== Source data ==

◆ ◆ ◆ ◆ ◆ ◆ ◆

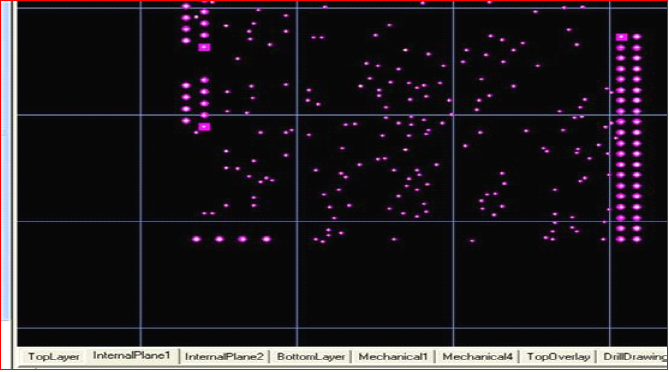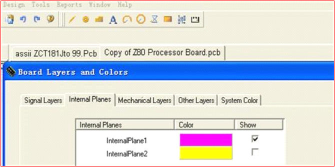 图1:勾选显示内电层设置 首先热键Shift + S单层显示查看原来的四面板,如下图是显示的内电层internerPlane1的,同时可以查看其他的层:toplayer、internalPlaner2、Bottomlayer、Mechanical1、Mechanical4、TopOverlay、keepoutlayer等,其他需要显示的层及颜色都可以在对应的颜色层中设置修改!
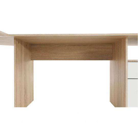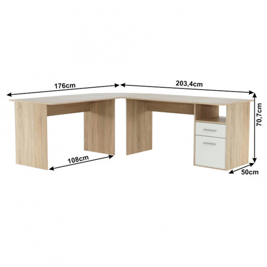 Materiál: laminovaná DTD Barva: dub sonoma / bílá Rozměry (ŠxHxV): 203,4x175,9 x70,3 cm Tloušťka materiálu: 16 mm Šířka stolu s kontejnerem: 135,9 cm Šířka stolu bez kontejneru: 108,5 cm Šířka stolu po kontejner: 93,4 cm Hloubka stolu: 67,4 cm Šířka kontejneru: 40,3 cm Výška šuplíku: 13,8 cm Výška skříňky: 32 cm Výška spojovací desky (čela): 18,6 cm šuplík skříňka Kvalitní slovenský výrobek Dodávané v demontu
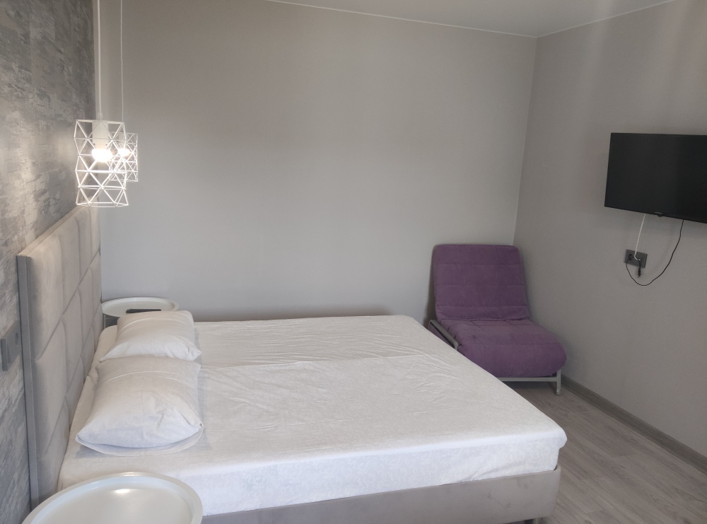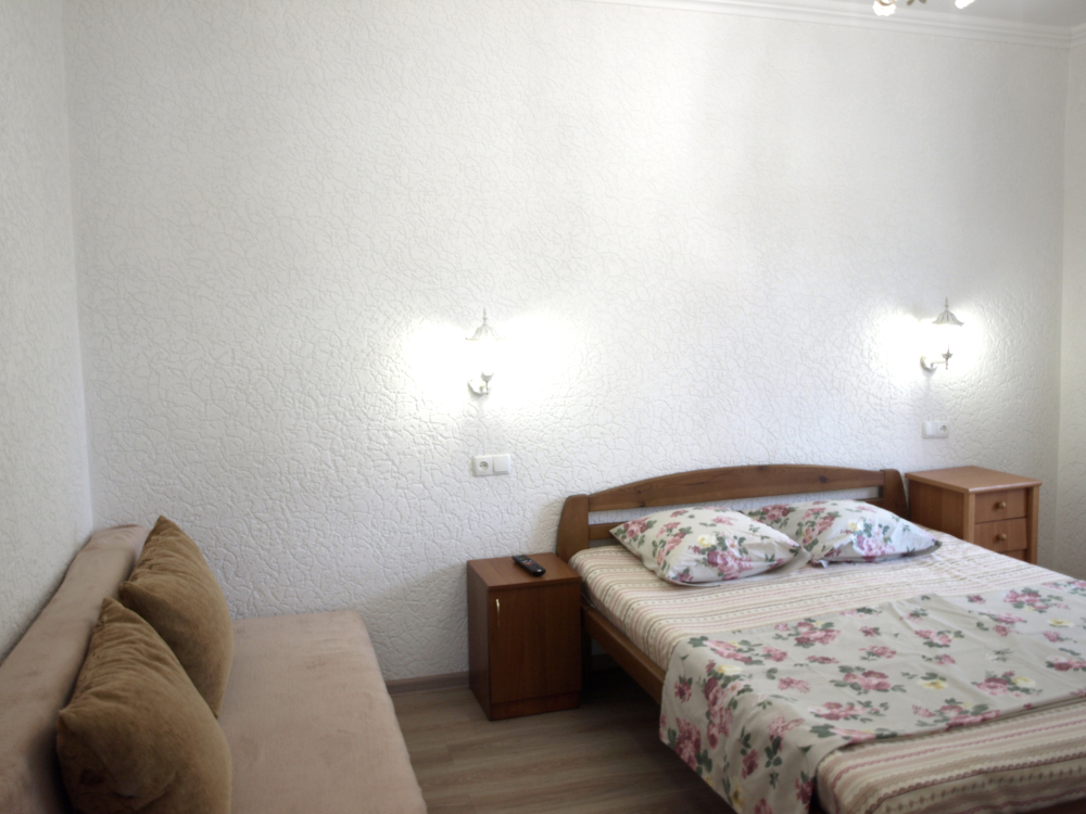 Отдельные 1-комнатные апартаменты класса «комфорт» на 2-4 чел. (спальня 14 кв.м, кухня 6 кв.м, санузел с душем, кондиционер) с двуспальной и диван-кроватью;
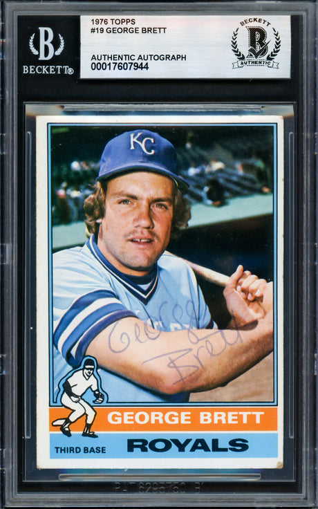 George Brett Autographed 1976 Topps Card #19 Kansas City Royals Beckett BAS #17607944
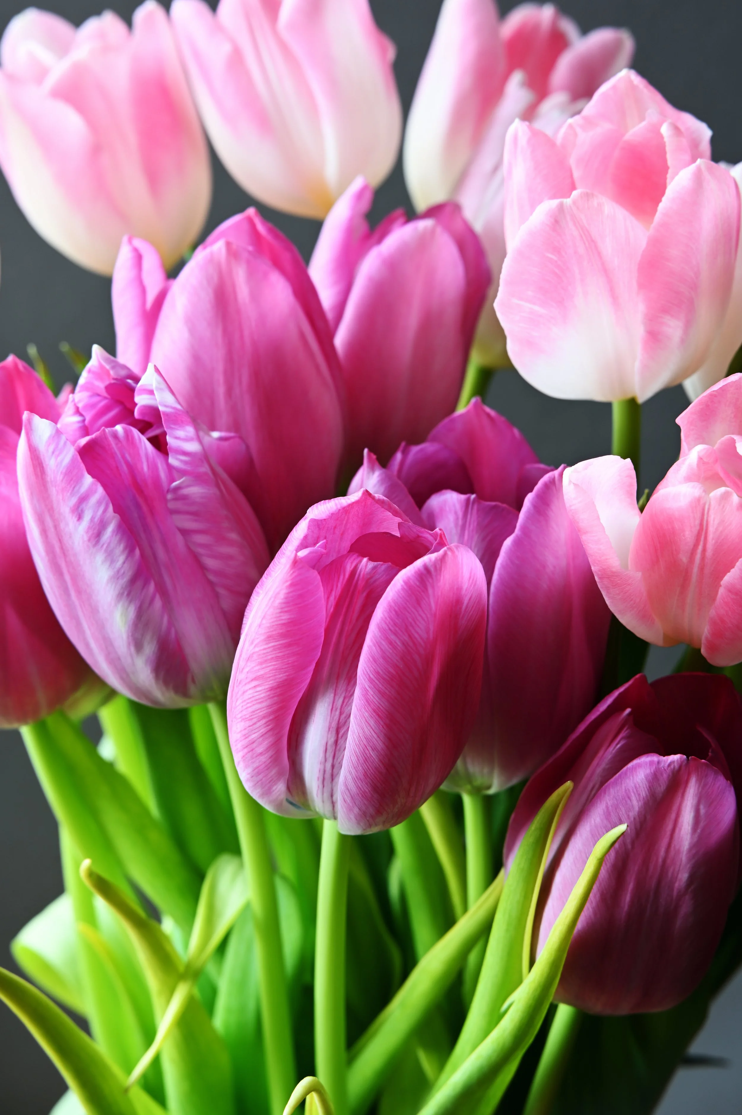 Our showstopper. A lush, hand-tied bouquet of tulips, seasonal stems, and textured foliage, beautifully wrapped. This is the one for making her day.

◆ ◆ ◆ ◆ ◆ ◆ ◆

Please return exactly, and only, the lines from the one containing "Отдельные 1-комнатные апартаменты" through the end of the records, with both end lines kept and every picture dropped.

== Exercise result ==
 Отдельные 1-комнатные апартаменты класса «комфорт» на 2-4 чел. (спальня 14 кв.м, кухня 6 кв.м, санузел с душем, кондиционер) с двуспальной и диван-кроватью;
 George Brett Autographed 1976 Topps Card #19 Kansas City Royals Beckett BAS #17607944
 Our showstopper. A lush, hand-tied bouquet of tulips, seasonal stems, and textured foliage, beautifully wrapped. This is the one for making her day.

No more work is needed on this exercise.